Physician Focus: You’ve also led studies to help highlight inequitable care for people with disabilities. Can you tell us about this work?

Dr. Morris: Right now, it’s very descriptive work. We’re talking with patients and clinicians. For one study, we surveyed medical students and also gave them the Implicit Association Test (IAT) and were able to demonstrate the existence of biases around disabilities.

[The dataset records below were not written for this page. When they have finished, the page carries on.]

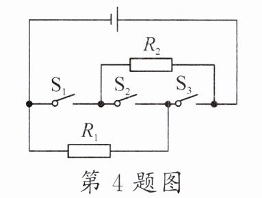 4.如图所示的电路中,电源电压U = 10V,R₁ = 5Ω,R₂ = 20Ω。只闭合S₁时,电路中的工作电流是______A;当只闭合S₂时电路的消耗总功率为P,只闭合S₁和S₃时电路消耗的总功率为P',则两次功率之比P:P'等于__________。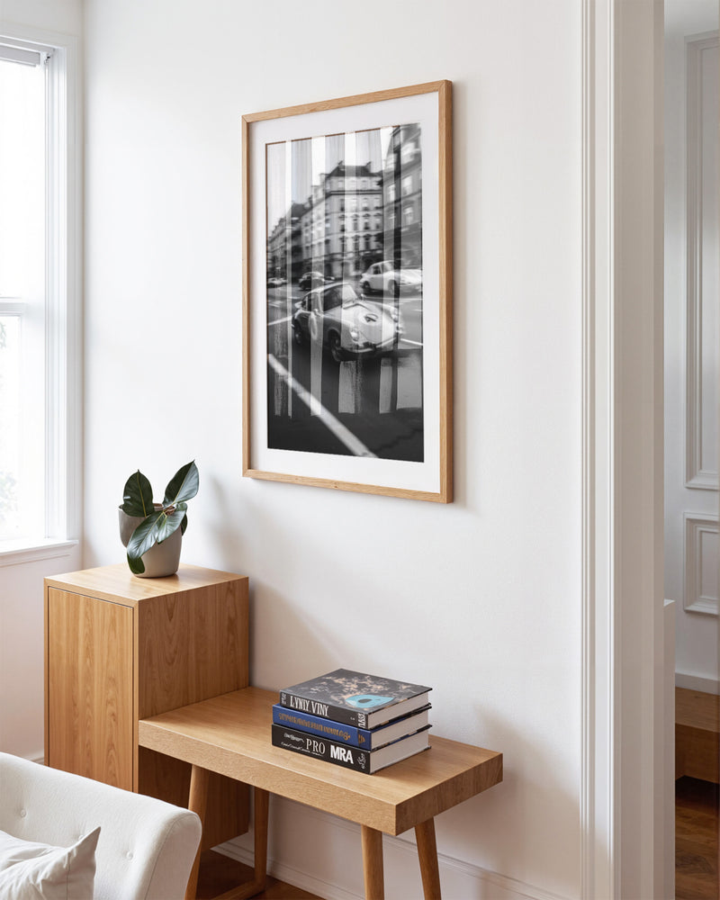 This piece captures the essence of vintage motorsport culture while creating a sophisticated artistic statement. The motion blur and architectural backdrop combine to tell a story of speed, luxury, and timeless style that transforms any space into a gallery of automotive art.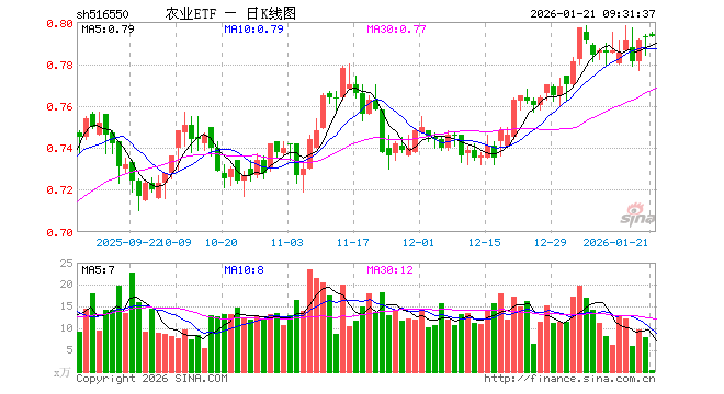 农业ETF(516550)业绩比较基准为中证大农业指数收益率,管理人为嘉实基金管理有限公司,基金经理为李直,成立(2021-03-30)以来回报为-20.69%,近一个月回报为4.36%。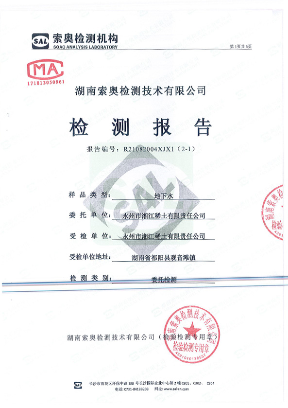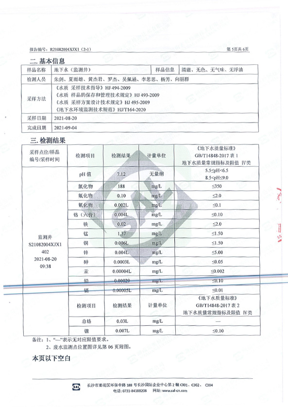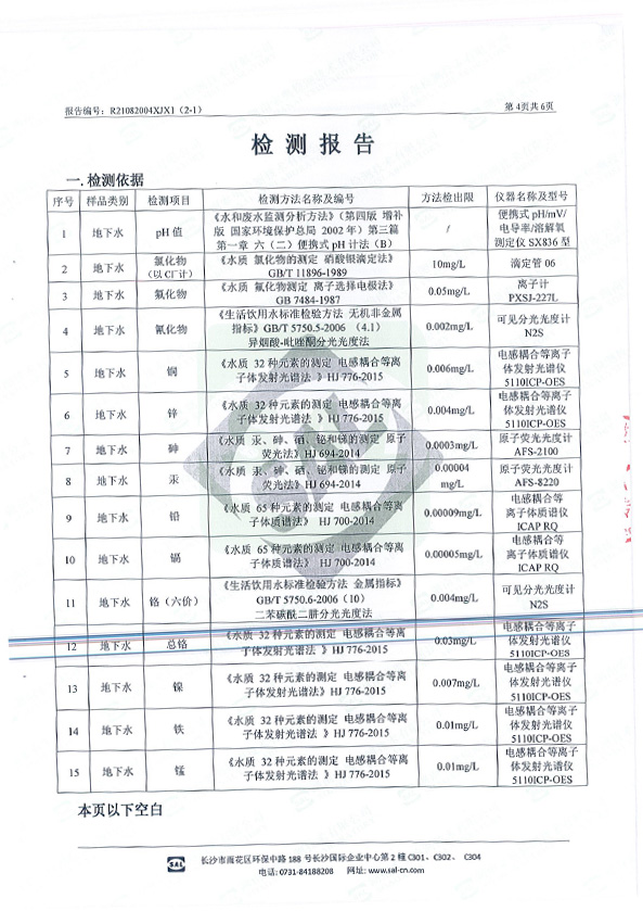 (地下水)檢測(cè)報(bào)告公示

For another study that we recently finished, funded by a $4.3 million grant from PCORI, we developed a tool to improve the quality of communication between patients with communication-related disabilities—speech, language, voice, and hearing disabilities—and their primary care providers. We had 16 strategies that patients would benefit from. Each patient would pick their top three strategies, like “I need you to look at me while you’re speaking,” and then bring that into the clinical encounter to share with the clinician. In our randomized controlled trial, we found that the tool did improve some communication outcomes: the main one was the patients’ feeling of being respected by their clinician.

Physician Focus: What other initiatives are you working on now?

Dr. Morris: JohnRoss Rizzo, MD, and I are co-PIs on an NIH ableism grant around improving the accessibility of healthcare for people who are blind and low vision. Specifically, we’re working with Perlmutter Cancer Center’s Beatrice W. Welters Breast Health Outreach and Navigation Program to modify patient navigation for people who are blind and low vision to make sure they have the supports they need to access care.

Related to this, our Disability Equity Collaborative is building out a tool kit for health systems with people with disabilities. It will have all kinds of resources and supports for organizations, from how to set up an accessibility program from the beginning stages to more specifics on different accessibility initiatives in the organization. I’m resubmitting an R01 grant to test this tool kit in a randomized controlled trial.

We also hope to conduct a large-scale trial to compare different models of the disability coordinator role, which is still ill-defined. I think we have the opportunity to really set the standard and define what this is in the U.S. healthcare system.